Krugman insists that the “agreement between China and the United States on carbon emissions is, in fact, a big deal”:

CHINA-US-DIPLOMACY[T]he principle that has just been established is a very important one. Until now, those of us who argued that China could be induced to join an international climate agreement were speculating. Now we have the Chinese saying that they are, indeed, willing to deal — and the opponents of action have to claim that they don’t mean what they say. Needless to say, I don’t expect the usual suspects to concede that a major part of the anti-environmentalist argument has just collapsed. But it has. This was a good week for the planet.
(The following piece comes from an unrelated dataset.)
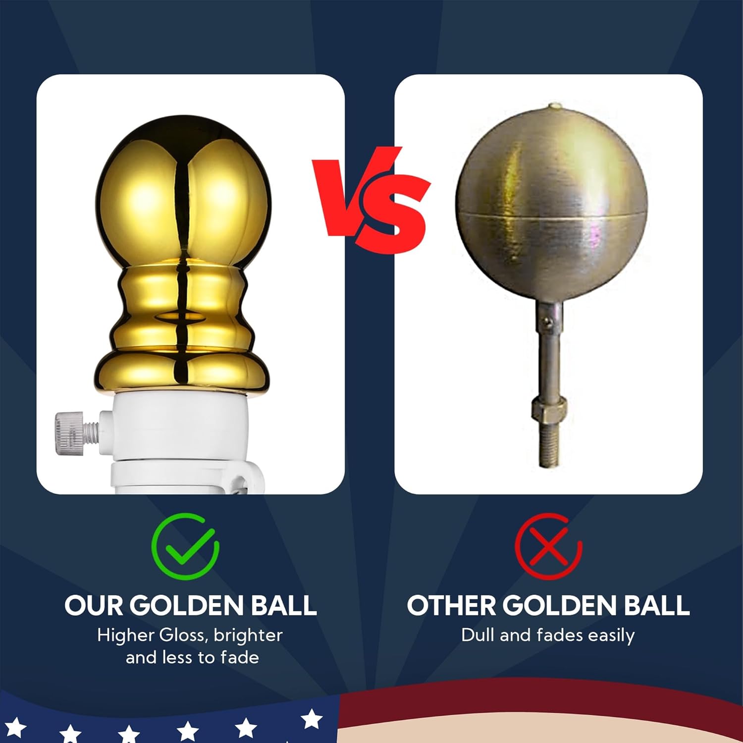 - [Anti-Tangling Design]: Comes with 2 pcs 360-degree rotating rings at the top pole to allow the flag to spin independently from the pole, preventing the flag from tangling on windy days.Material Flag: 100% Polyester; Import Designation: Imported

Douthat, on the other hand, downplays the importance of the agreement:

Symbolism and public leadership do matter in international affairs, even if they don’t necessarily matter as much as climate hawks (like other sorts of hawks) persistently believe. But nothing about this widely-hailed bargain as yet invalidates the basic case for skepticism about the quest for a global climate regime, because nothing about China’s actions as yet invalidates the argument that the globe’s diverse group of developing-world actors are only ever likely to act to explicitly cap emissions when it seems to be in their immediate national interest (or when, as in this case, that “cap” may just a description of a trend), and that they are therefore very unlikely to be meaningfully bound by international rules or regulations that in any way directly constrain their ability to emit as their economies seem to require.
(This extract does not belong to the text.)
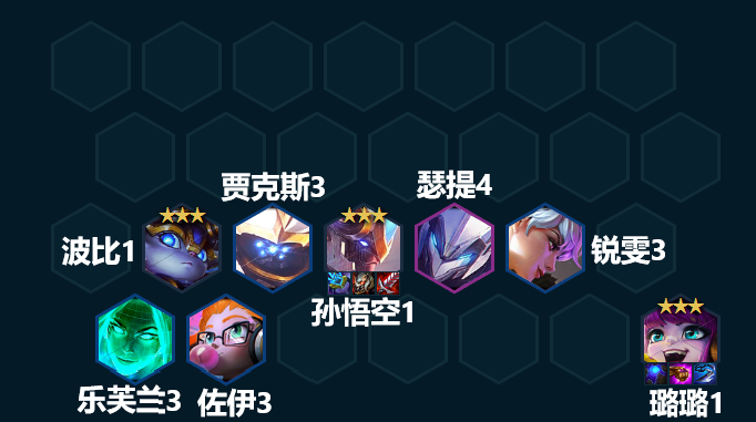 阵容组成:波比、贾克斯、孙悟空、瑟提、锐雯、乐芙兰、佐伊、璐璐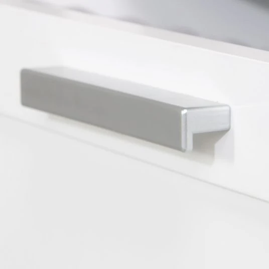 - Material Korpus: Mitteldichte Faserplatte (MDF), weiß lackiert

Being skeptical of climate change regulations in this sense does not mean believing that no developing nation’s emissions will ever level off or fall, or that no developing nation will ever take steps to limit their emissions. Indeed, the skeptics assume that both will happen, as those nations get richer, technology advances, domestic constituencies for environmentalism develop and so forth. They’re just doubtful about the power of diplomacy and international treaties and carbon regimes to meaningfully accelerate this process (as such regimes have mostly not to date in contexts far more promising than the People’s Republic of China). And with that doubt, in turn, comes a skepticism about the wisdom of having the United States take steps on its own that don’t necessarily pass a domestic cost-benefit test in order to somehow set up a larger process that probably isn’t going to work anyway, and that our rivals will have every incentive to seek to game in order to gain at our expense.
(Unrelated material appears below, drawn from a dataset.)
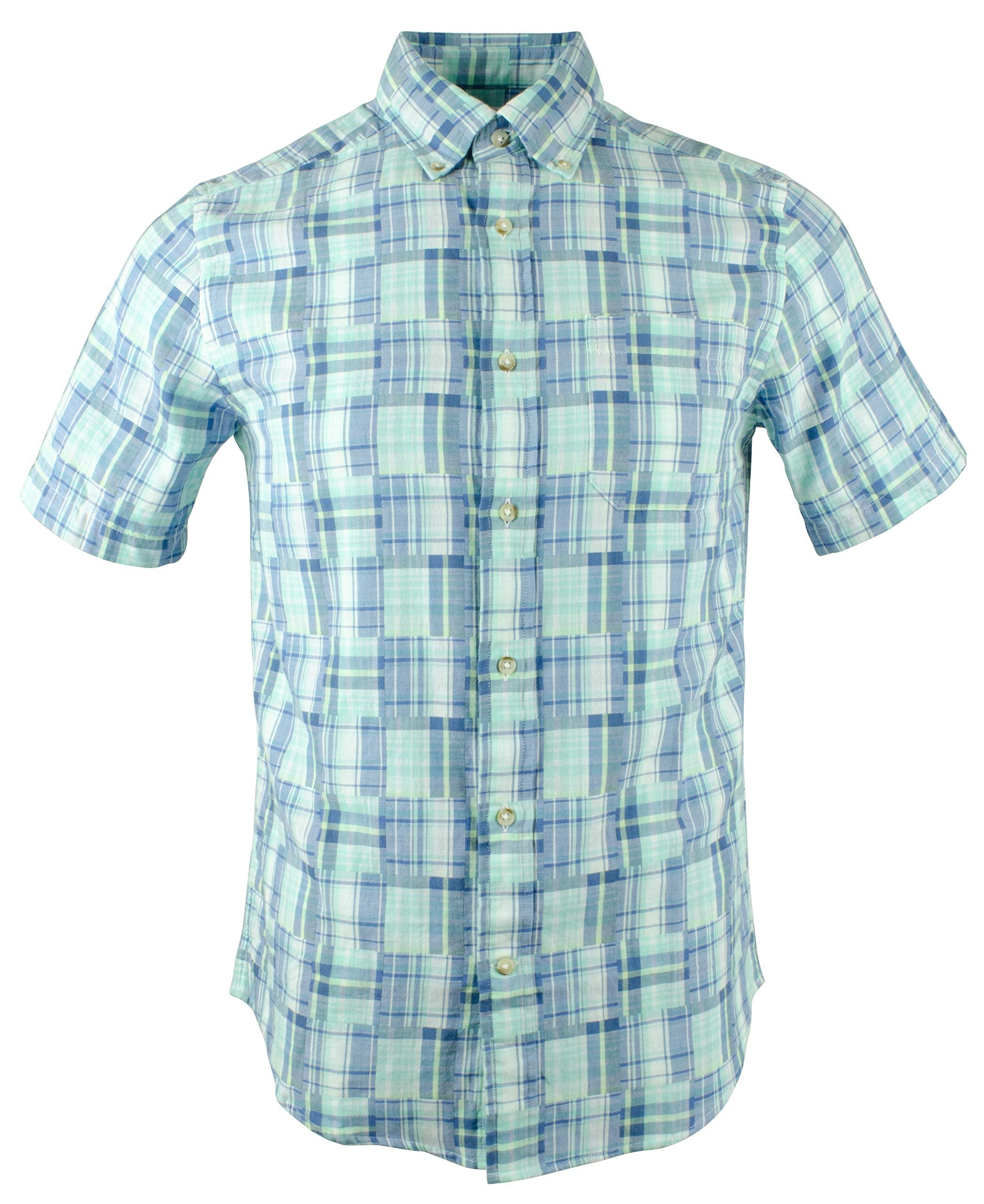 100% Cotton, Men's classic fit, button-down shirt, Button down collar, short sleeves, Left chest pocket, shirttail hem, Machine wash cold, tumble dry low; Imported

But Ryan Cooper thinks China has good reason to act:

China is very seriously vulnerable to climate change. It could gut the nation, taking the ruling Communist Party down with it. Fifty million or more Chinese citizens could be displaced by rising seas in the coming decades. Drought and desertification, both fueled by climate change, will cause havoc with China’s water supply and farmland, which are both already insecure. Additionally, China’s reliance on filthy coal power is responsible for jaw-dropping environmental problems, causing a reported 670,000 deaths annually, and many times that number of respiratory illnesses.

All this points towards a massive Chinese self-interest in slashing emissions as fast as possible.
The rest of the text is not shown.